README.md - platform/external/minijail - Git at Google

 # Minijail

 The Minijail homepage is
 https://google.github.io/minijail/.

 The main source repo is
 https://android.googlesource.com/platform/external/minijail/.

 There might be other copies floating around, but this is the official one!

 [TOC]

 ## What is it?

 Minijail is a sandboxing and containment tool used in Chrome OS and Android.
 It provides an executable that can be used to launch and sandbox other programs,
 and a library that can be used by code to sandbox itself.

 ## Getting the code

 You're one `git clone` away from happiness.

 ```
 $ git clone https://android.googlesource.com/platform/external/minijail
 $ cd minijail
 ```

 Releases are tagged as `linux-vXX`:
 https://android.googlesource.com/platform/external/minijail/+refs

 ## Building

 See the [HACKING.md](./HACKING.md) document for more details.

 ## Release process

 See the [RELEASE.md](./RELEASE.md) document for more details.

 ## Additional tools

 See the [tools/README.md](./tools/README.md) document for more details.

 ## Contact

 We've got a couple of contact points.

 * [minijail@chromium.org]: Public user & developer mailing list.
 * [minijail-users@google.com]: Internal Google user mailing list.
 * [minijail-dev@google.com]: Internal Google developer mailing list.
 * [crbug.com/list]: Existing bug reports & feature requests.
 * [crbug.com/new]: File new bug reports & feature requests.
 * [AOSP Gerrit]: Code reviews.

 [minijail@chromium.org]: https://groups.google.com/a/chromium.org/forum/#!forum/minijail
 [minijail-users@google.com]: https://groups.google.com/a/google.com/forum/#!forum/minijail-users
 [minijail-dev@google.com]: https://groups.google.com/a/google.com/forum/#!forum/minijail-dev
 [crbug.com/list]: https://crbug.com/?q=component:OS>Systems>Minijail
 [crbug.com/new]: https://bugs.chromium.org/p/chromium/issues/entry?components=OS>Systems>Minijail
 [AOSP Gerrit]: https://android-review.googlesource.com/q/project:platform/external/minijail

 ## Talks and presentations

 The following talk serves as a good introduction to Minijail and how it can be used.
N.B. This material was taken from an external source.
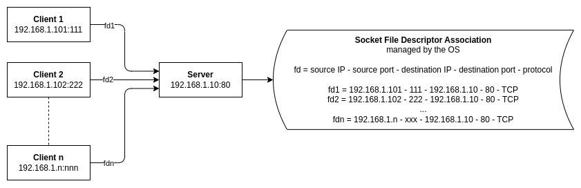 Subsequently, the accept() function creates a new socket, or to be precise, a socket file descriptor. The socket file descriptor is an integer value and unique per client connection. Most importantly, it’s associated with various values in the background by the OS:
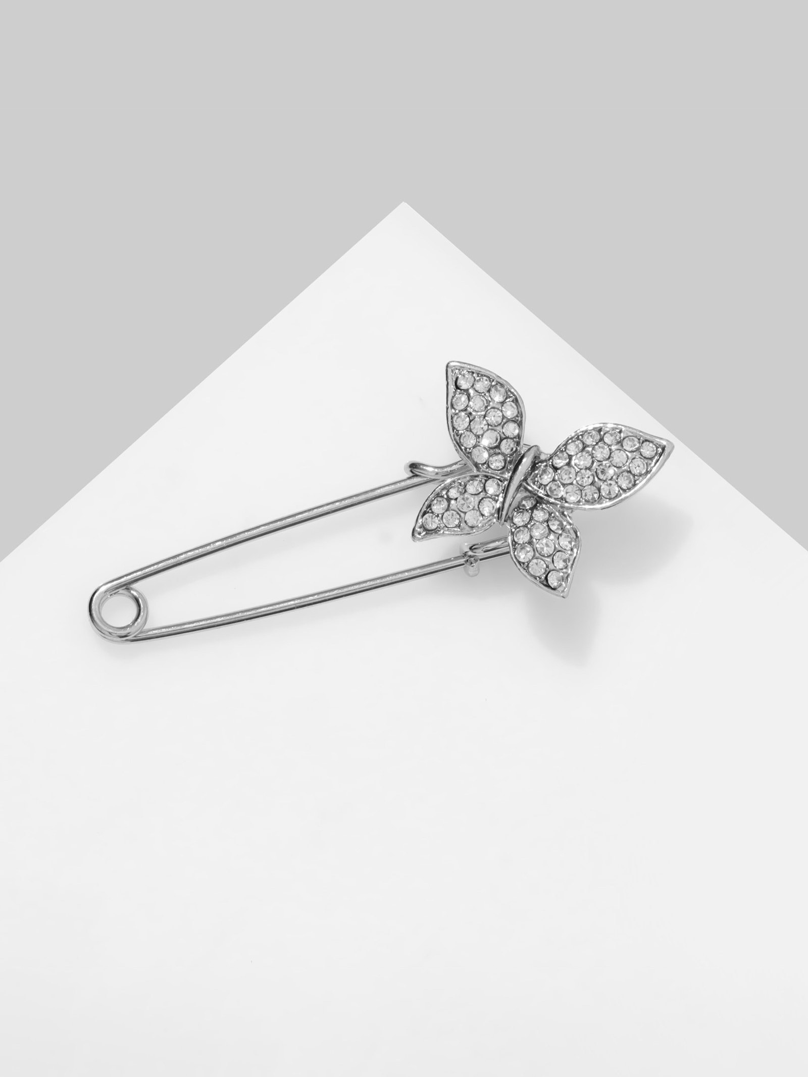 Булавка "Бабочка", 5 см, цвет белый в серебре, 2.5x5x1.5 см., QF, Китай

 [Video](https://drive.google.com/file/d/0BwPS_JpKyELWZTFBcTVsa1hhYjA/preview),
 [slides](https://docs.google.com/presentation/d/e/2PACX-1vRBqpin5xR9sng6lIBPjG0XQtu-uWWgr0ds-M3zW13XpDO-bTcMERLwoHUEB9078p1yqr9L-su9n5dk/pub).

 ## Example usage

 The Chromium OS project has a comprehensive
 [sandboxing](https://chromium.googlesource.com/chromiumos/docs/+/master/sandboxing.md)
 document that is largely based on Minijail.

 After you play with the simple examples below, you should check that out.

 ### Change root to any user

 ```
 # id
 uid=0(root) gid=0(root) groups=0(root),128(pkcs11)
 # minijail0 -u jorgelo -g 5000 /usr/bin/id
 uid=72178(jorgelo) gid=5000(eng) groups=5000(eng)
 ```

 ### Drop root while keeping some capabilities

 ```
 # minijail0 -u jorgelo -c 3000 -- /bin/cat /proc/self/status
 Name: cat
 ...
 CapInh: 0000000000003000
 CapPrm: 0000000000003000
 CapEff: 0000000000003000
 CapBnd: 0000000000003000
 ```

 ## Historical notes

 Q. "Why is it called minijail0?"

 A. It is minijail0 because it was a rewrite of an earlier program named
 minijail, which was considerably less mini, and in particular had a dependency
 on libchrome (the Chrome OS packaged version of Chromium's //base).  We needed a
 new name to not collide with the deprecated one.

 We didn't want to call it minijail2 or something that would make people
 start using it before we were ready, and it was also concretely _less_ since it
 dropped libbase, etc.  Technically, we needed to be able to fork/preload with
 minimal extra syscall noise which was too hard with libbase at the time (onexit
 handlers, etc that called syscalls we didn't want to allow).  Also, Elly made a
 strong case that C would be the right choice for this for linking and ease of
 controlled surprise system call use.

 https://crrev.com/c/4585/ added the original implementation.

 Source: Conversations with original authors, ellyjones@ and wad@.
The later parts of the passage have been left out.